日本の携帯電話市場において、これからのモバイルアプリケーションの可能性を示す話題の一つが、“スマートフォン”の出現だ。米アップルのiPhoneや米グーグルのAndroidの登場により、アプリケーションの多様化が期待されている。日本のスマートフォンの多くはWindows MobileOSを採用している。
スマートフォンとは、モバイルコンピューティング推進コンソーシアム(MCPC)の定義によれば、「仕様が公開された汎用的なOSを搭載し、利用者が自由にアプリケーションを追加して機能拡張やカスタマイズができる携帯電話およびPHS」のことである。
これまでスマートフォンは、大きな表示画面やタッチパネル、パソコンと同じQWERTY配列のキーボードなど、一般的な携帯電話が持たない外観上の特徴によって、その存在価値が語られてきた。
それも最近は、一般的な携帯電話でもタッチパネル機能付きの大型液晶やフルキーボードを持つ機種が登場し、それらはスマートフォン固有の特徴ではなくなってきた。
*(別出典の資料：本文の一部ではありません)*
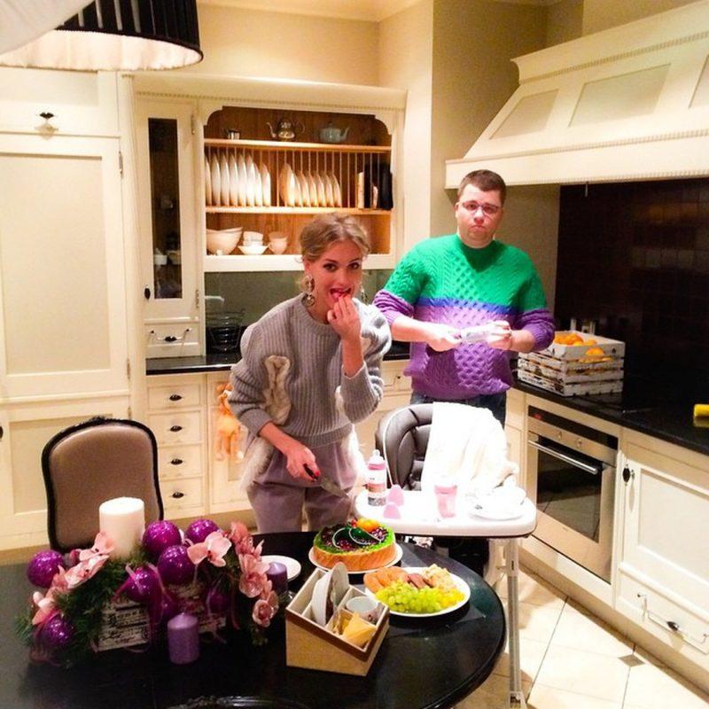 Кухня выполнена тоже в черно-белом цвете. А полки для посуды — верх совершенства. Так и хочется присесть за стол и выпить чашечку 5 o’clock tea в компании Гарика и его жены.

スマートフォンが持つ最大の特徴は、通信事業者からの情報開示なしに、「利用者が自由にアプリケーションを追加し、機能拡張やカスタマイズができる」ことである。
年率27%成長を支える活用事例
スマートフォンの活用事例として、広島市に本社を置くヤマサキを紹介しよう。同社は、海藻や海泥を配合したヘアケア商品「La Sana(ラサーナ)」シリーズでヒットを飛ばしている化粧品の製造・販売会社である。この5年間、年率27%増で成長を続け、2008年2月期の売上高は34億円を超えた。
山崎宏忠社長が、「地方の無名で小さな化粧品会社が、やっと全国で戦えるようになった」という同社の武器は、口コミ。年間3000万個を超える試供品を配布しながら、利用者の声を拾うことで、顧客ニーズに応える。
広島の開発拠点と全国の顧客をつなぐのが、コールセンターと、スマートフォンを活用した営業支援システムだ。後者が、同社商品を取り扱うドラッグストアなど全国に9000カ所近い店舗のすべてを、30人弱の営業担当者が訪問することを可能にしている(図1)。
ヤマサキは当初、店舗巡回記録を紙ベースの日報やメールによる報告で管理していた。その後、営業担当者にノートパソコンを配布し、店頭でのヒアリング結果の入力や、店頭の陳列状況を撮影した写真データを送信できる仕組み「SAMS」を開発した。
しかし、店舗でノートパソコンを取り出し、情報入力することは難しい。営業担当者は結局、現場では紙にメモをとり、会社や出張先のホテルに戻ってから、改めてパソコンにデータを入力し、送信するのが現実だった。